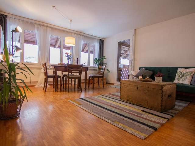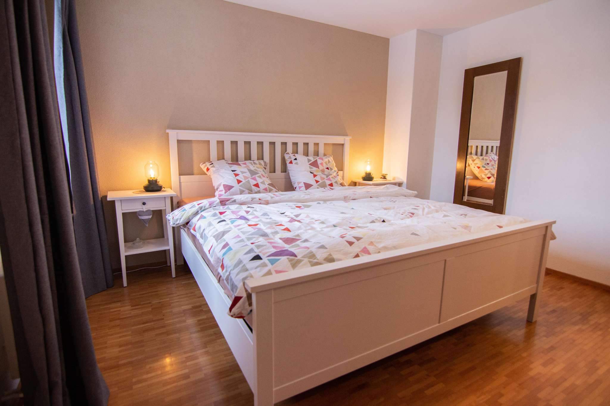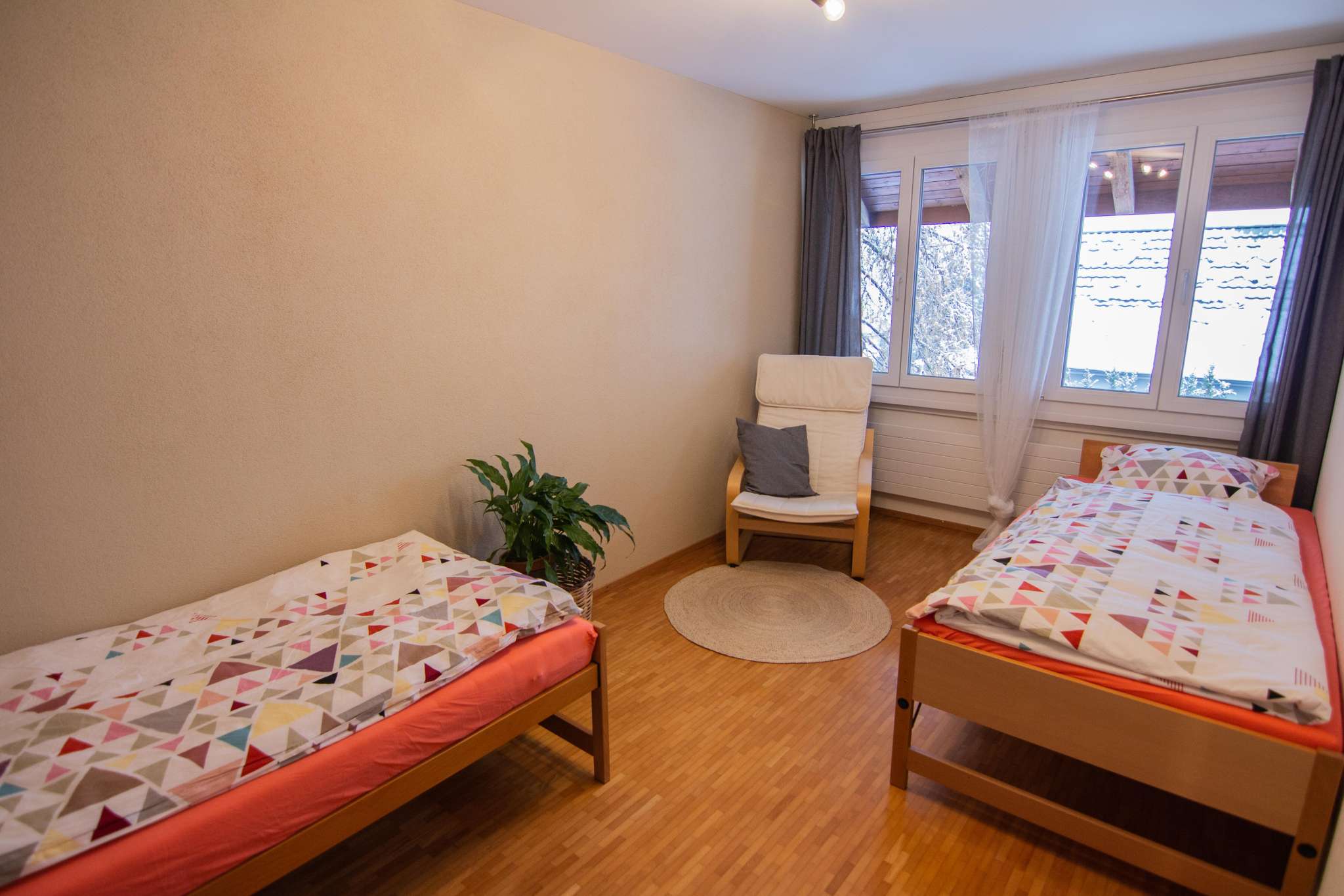 Die Dreizimmerwohnung ist mit einer Küche, einem seperaten WC, einem Bad mit Dusche und Badewanne, zwei Schlafzimmern, eins mit Doppelbett, eins mit zwei Einzelbetten, ausgestattet und lädt zum Erholen und geniessen ein. (Maximalbelegung: 5 Personen)
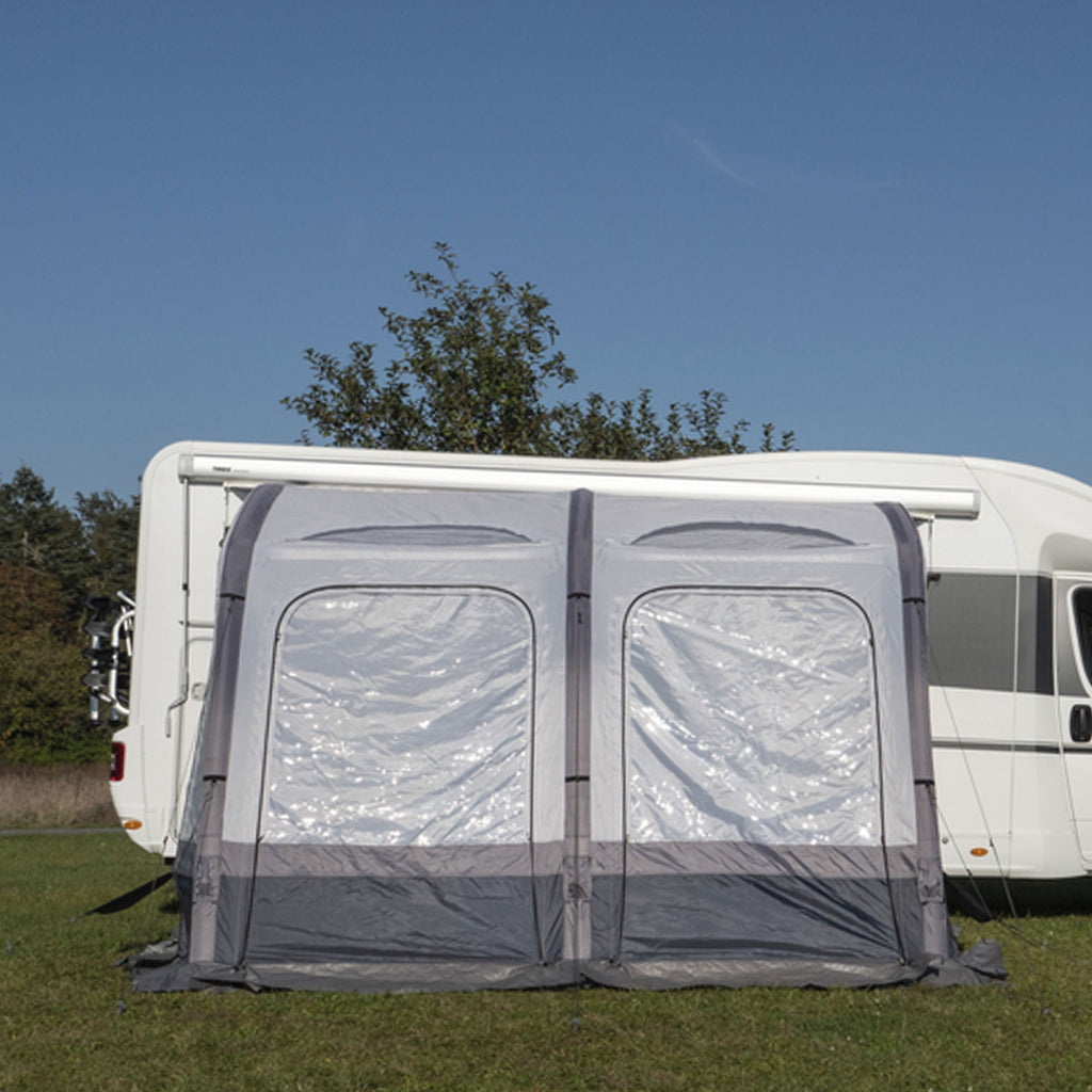 Die Reisemobil-Luftvorzelte Marina Air High in klassischer Form mit nur einem Luftschlauch für einen schnellen Auf- und Abbau in Premium-Qualität. Die Front mit 3 großen Fenstern besteht aus 3 Lagen (transparentem PVC, Moskitonetz und Abdeckung innen) und kann komplett geöffnet werden. Außerdem können alle Front-Panels entnommen oder als Sonnensegel genutzt wer-den. Die Seitenwände haben eine Tür und ein Moskitonetz-Fenster mit Abdeckung außen.
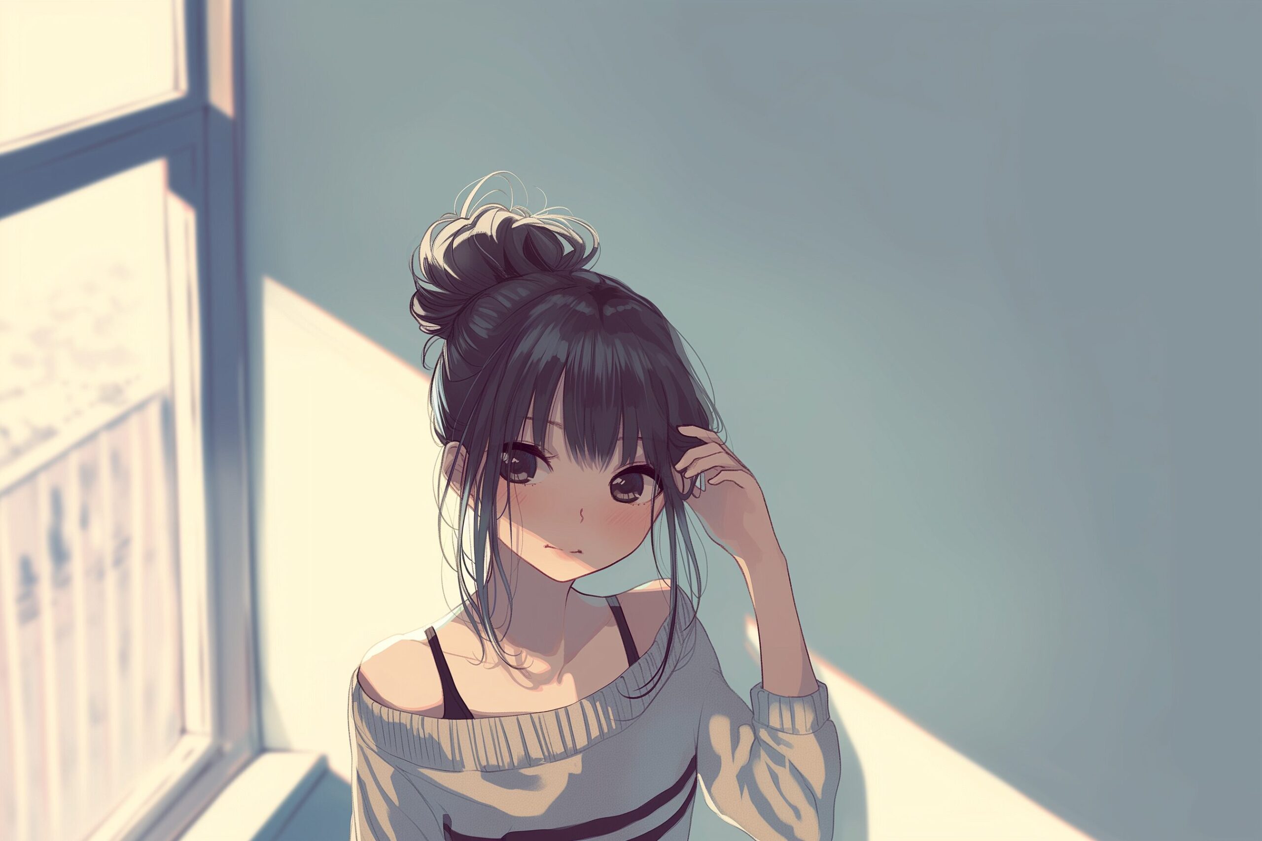 検索タグ:イラスト、キャラクター、女性、女、女の子、女子、女の人、アニメ、漫画、マンガ、美人、美女、若い、かわいい、可愛い、カワイイ、人物、顔、美しい、綺麗、きれい、キレイ、アート、お洒落、挿絵、インスタ、Instagram、AI生成画像、コピースペース、恋愛、恋、片思い、失恋、お団子ヘア、髪型、笑顔、微笑む、微笑み、後ろ姿

Task statement
After locating the line with "Die Reisemobil-Luftvorzelte Marina" in the listing above, transcribe it and every line after it to the last, exactly, with no pictures.

Completed exercise
 Die Reisemobil-Luftvorzelte Marina Air High in klassischer Form mit nur einem Luftschlauch für einen schnellen Auf- und Abbau in Premium-Qualität. Die Front mit 3 großen Fenstern besteht aus 3 Lagen (transparentem PVC, Moskitonetz und Abdeckung innen) und kann komplett geöffnet werden. Außerdem können alle Front-Panels entnommen oder als Sonnensegel genutzt wer-den. Die Seitenwände haben eine Tür und ein Moskitonetz-Fenster mit Abdeckung außen.
 検索タグ:イラスト、キャラクター、女性、女、女の子、女子、女の人、アニメ、漫画、マンガ、美人、美女、若い、かわいい、可愛い、カワイイ、人物、顔、美しい、綺麗、きれい、キレイ、アート、お洒落、挿絵、インスタ、Instagram、AI生成画像、コピースペース、恋愛、恋、片思い、失恋、お団子ヘア、髪型、笑顔、微笑む、微笑み、後ろ姿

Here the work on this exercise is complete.